Ken Pears

Personal information
- Full name: Kenneth Pears
- Date of birth: 12 April 1934
- Place of birth: Vancouver, British Columbia, Canada
- Date of death: 18 December 2022 (aged 88)
- Place of death: Vancouver, British Columbia, Canada
- Height: 1.80 m (5 ft 11 in)
- Position(s): Goalkeeper

Senior career*
- Years: Team / Apps / (Gls)
- Vancouver Capilanos
- 1951–1954: Westminster Royals FC
- 1954–1955: Vancouver Firefighters FC
- 1956–1958: Vancouver Hale-Co FC
- 1958–1959: Vancouver Firefighters FC
- 1959: Westminster Royals FC
- 1959–1968: Vancouver Firefighters FC
- 1964: → Vancouver Columbus FC (loan)
- 1967: → Victoria O'Keefe (loan)
- 1968: Vancouver Canadian Royals
- 1969: Vancouver Spartans
- 1969–1970: Vancouver Firefighters FC

International career
- 1957: Canada / 4 / (0)

= Ken Pears =

Canadian soccer player (1934–2022)

Kenneth Pears (12 April 1934 – 18 December 2022) was a Canadian soccer goalkeeper. He was a four-time national champion with Westminster Royals FC (1953), Vancouver Hale-Co FC (1956), Vancouver Columbus FC (1964), and Vancouver Firefighters FC (1965). He was Canada's starting goalkeeper during FIFA World Cup Qualifiers in 1957. He is an honoured member of the Canada Soccer Hall of Fame as part of the inaugural class in 2000.

In the Pacific Coast League, Pears won seven championships with three clubs: five times with Firefighters (1954–55, 1961–62, 1963–64, 1964–65, 1965–66), once with Westminster Royals FC (1952–53), and once with Hale-Co FC (1958). From 1952 to 1966, he was a British Columbia or Mainland All-Star in 13 of 15 seasons. He notably posted a clean sheet against Tottenham Hotspur in a 2–0 win in Vancouver on 3 June 1957.

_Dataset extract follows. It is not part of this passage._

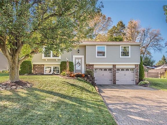 Fall in love with this stylish split level located just minutes from all the shopping & dining Robinson has to offer! A brick driveway & manicured yard greet your guests. Inside, a cozy living room opens to the perfect dining room for hosting intimate family affairs and grand holiday meals. Entertaining is a breeze in the updated kitchen with SS appliances, dark cabinets, & a breakfast nook. Unwind in the owner's suite complete w/ plush carpet, an extra-wide closet, and private en-suite bathroom with extra storage! Two more bedrooms make great kids' rooms or guest rooms. A shared bathroom has a lot of counter space and plenty of storage. Downstairs, host family game nights & gatherings w/ friends in your finished basement w/awesome built-in desk space ideal for working from home or home schooling! A convenient half bathroom & laundry room complete the basement. Outside, you'll love the giant covered patio that spills onto a huge, flat back yard for the kids & Fido. New roof & windows!

Pears was still just 19 years old when he won his first national title with Westminster Royals in 1953. After they lost the 1952 Canadian Final to Montréal Stelco and opposing goalkeeper Bill Gill (footballer), Pears and his teammates faced the same all-star goalkeeper a year later now wearing the Montréal Hakoah colours. This time, Pears posted two clean sheets in three matches as the Royals captured the 1953 Championship. Across eight inter-provincial matches against Edmonton, Winnipeg and Montréal, Pears posted five clean sheets and conceded just three goals, two of which were scored from the penalty spot.

In 1961–62, Pears won the Austin Delany Memorial Trophy as the league's most valuable player. Along with winning the league championship, the Anderson Cup, and the BC Soccer Province Cup, Pears also helped Firefighters FC win the 1962 Pacific Coast International Championship for the J.K. Kennedy Cup.

Pears also played in the 1964 edition of the Pacific Coast International Championship with the Pacific Coast League all-stars, earning MVP honours as the team finished second. He missed the 1966 edition through injury when Firefighters won their second Kennedy Cup; he won the 1967 edition as a backup goalkeeper (on loan) with Victoria O'Keefe.

In 1969, Pears helped Vancouver Spartans win the Western Canada Soccer League championship.

After representing Canada in FIFA World Cup Qualifiers in 1957, he captained Canada's side during a 1960 tour of the Soviet Union and Britain.

Pears was inducted into the British Columbia Sports Hall of Fame in 1986. He died on 18 December 2022, at the age of 88.